• **DATA FOR THIS EXERCISE**:
--- START ---
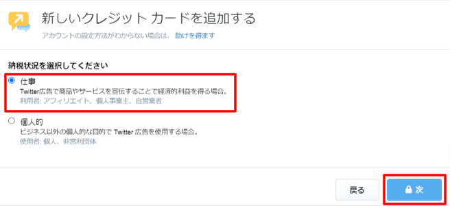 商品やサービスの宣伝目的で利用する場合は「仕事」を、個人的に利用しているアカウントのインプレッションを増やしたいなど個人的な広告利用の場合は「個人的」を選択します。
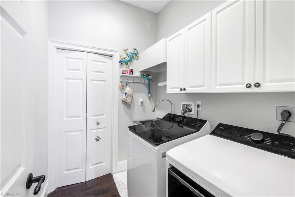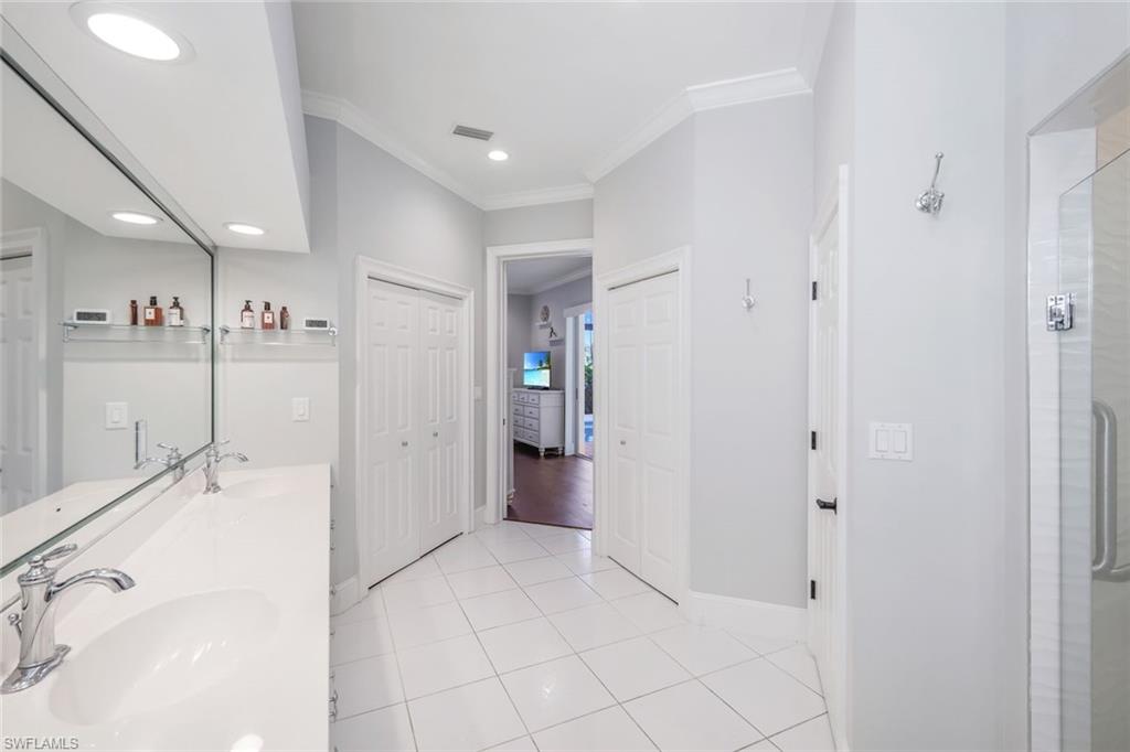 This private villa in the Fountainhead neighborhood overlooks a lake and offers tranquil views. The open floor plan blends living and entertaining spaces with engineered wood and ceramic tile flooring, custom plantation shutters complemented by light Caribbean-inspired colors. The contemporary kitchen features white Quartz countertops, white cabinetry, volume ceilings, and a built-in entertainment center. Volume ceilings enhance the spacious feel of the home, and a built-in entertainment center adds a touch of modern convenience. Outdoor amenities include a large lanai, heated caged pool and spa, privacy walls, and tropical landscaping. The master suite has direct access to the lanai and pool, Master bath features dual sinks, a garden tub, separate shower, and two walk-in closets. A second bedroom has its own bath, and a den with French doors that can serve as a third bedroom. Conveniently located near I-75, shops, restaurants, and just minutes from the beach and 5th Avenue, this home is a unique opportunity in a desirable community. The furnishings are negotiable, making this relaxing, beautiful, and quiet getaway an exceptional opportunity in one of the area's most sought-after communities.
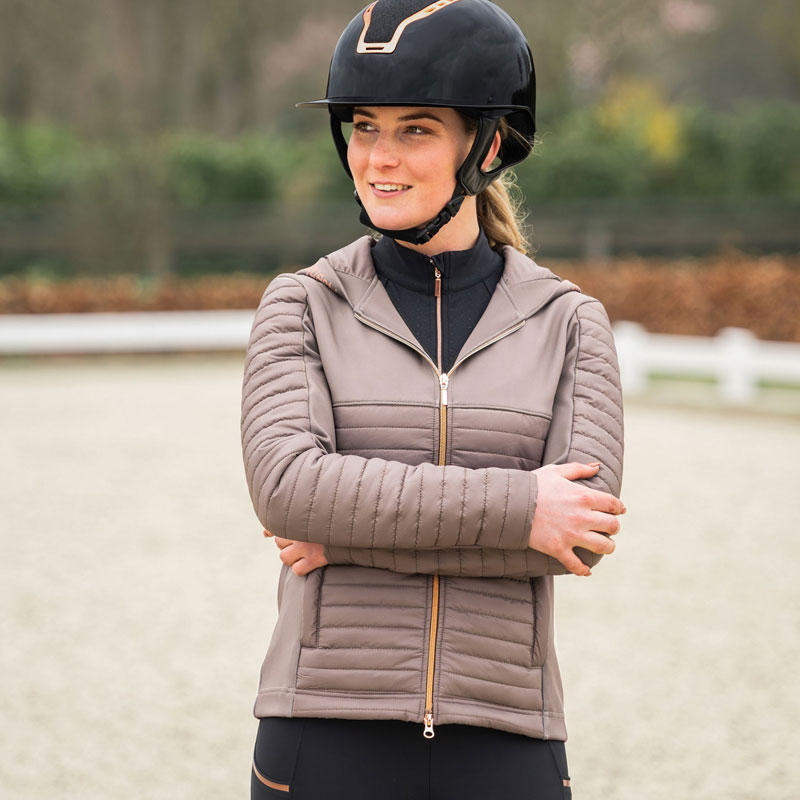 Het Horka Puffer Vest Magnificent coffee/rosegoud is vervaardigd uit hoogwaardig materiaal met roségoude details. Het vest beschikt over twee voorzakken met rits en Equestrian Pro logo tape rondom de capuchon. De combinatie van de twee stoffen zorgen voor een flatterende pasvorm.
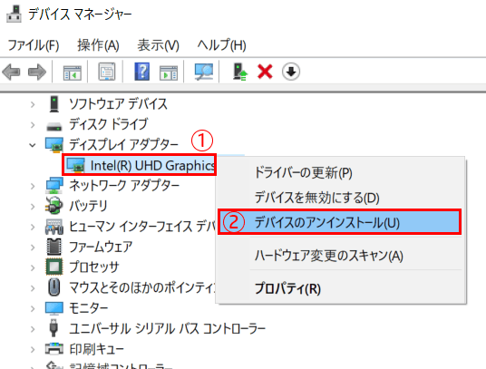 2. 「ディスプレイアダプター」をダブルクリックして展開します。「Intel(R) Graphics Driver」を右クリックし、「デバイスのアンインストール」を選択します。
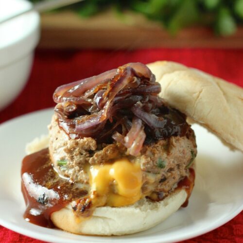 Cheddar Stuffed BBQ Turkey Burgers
--- END ---
--- START ---
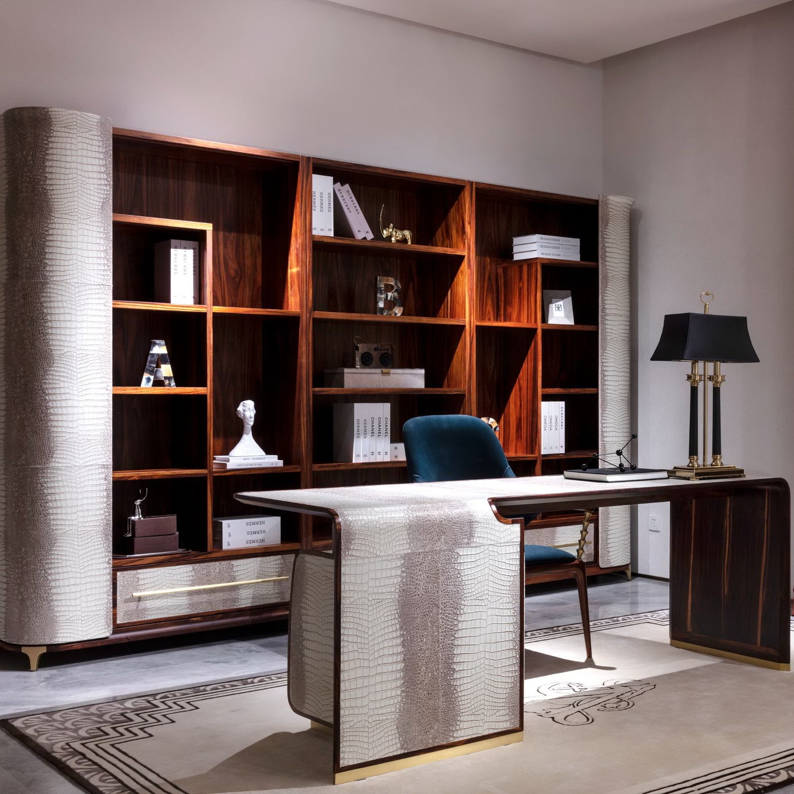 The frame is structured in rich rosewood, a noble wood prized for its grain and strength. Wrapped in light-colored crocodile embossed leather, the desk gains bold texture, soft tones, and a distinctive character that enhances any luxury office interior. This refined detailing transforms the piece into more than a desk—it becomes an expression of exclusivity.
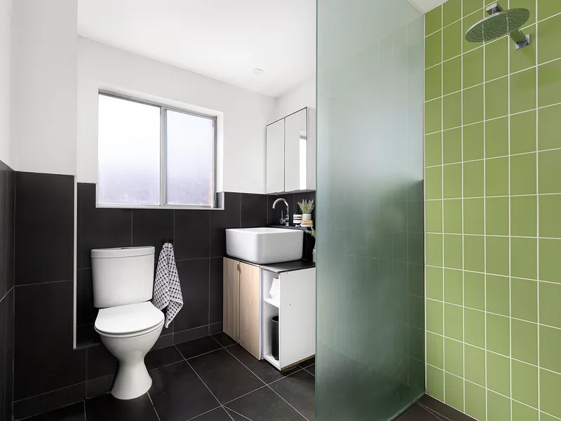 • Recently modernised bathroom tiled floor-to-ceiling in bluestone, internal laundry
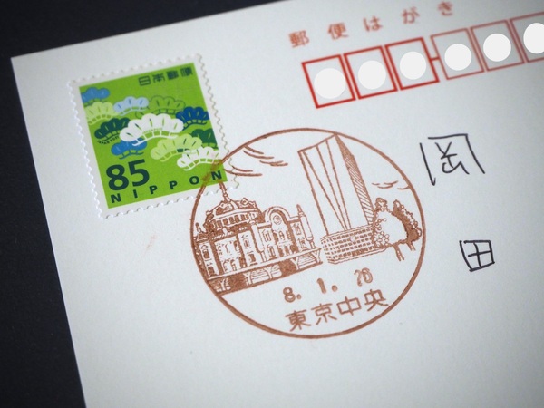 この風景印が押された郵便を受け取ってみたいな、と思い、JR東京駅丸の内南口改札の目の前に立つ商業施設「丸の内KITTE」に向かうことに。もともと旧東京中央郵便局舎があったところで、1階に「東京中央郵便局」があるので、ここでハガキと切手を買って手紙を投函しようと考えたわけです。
--- END ---
• **PROMPT**:
Starting at the line containing "bluestone, internal laundry" and finishing at the line containing "この風景印が押された郵便を受", return those lines exactly as they appear above, without the pictures.

• **ANSWER FOR THIS EXERCISE**:
 • Recently modernised bathroom tiled floor-to-ceiling in bluestone, internal laundry
 この風景印が押された郵便を受け取ってみたいな、と思い、JR東京駅丸の内南口改札の目の前に立つ商業施設「丸の内KITTE」に向かうことに。もともと旧東京中央郵便局舎があったところで、1階に「東京中央郵便局」があるので、ここでハガキと切手を買って手紙を投函しようと考えたわけです。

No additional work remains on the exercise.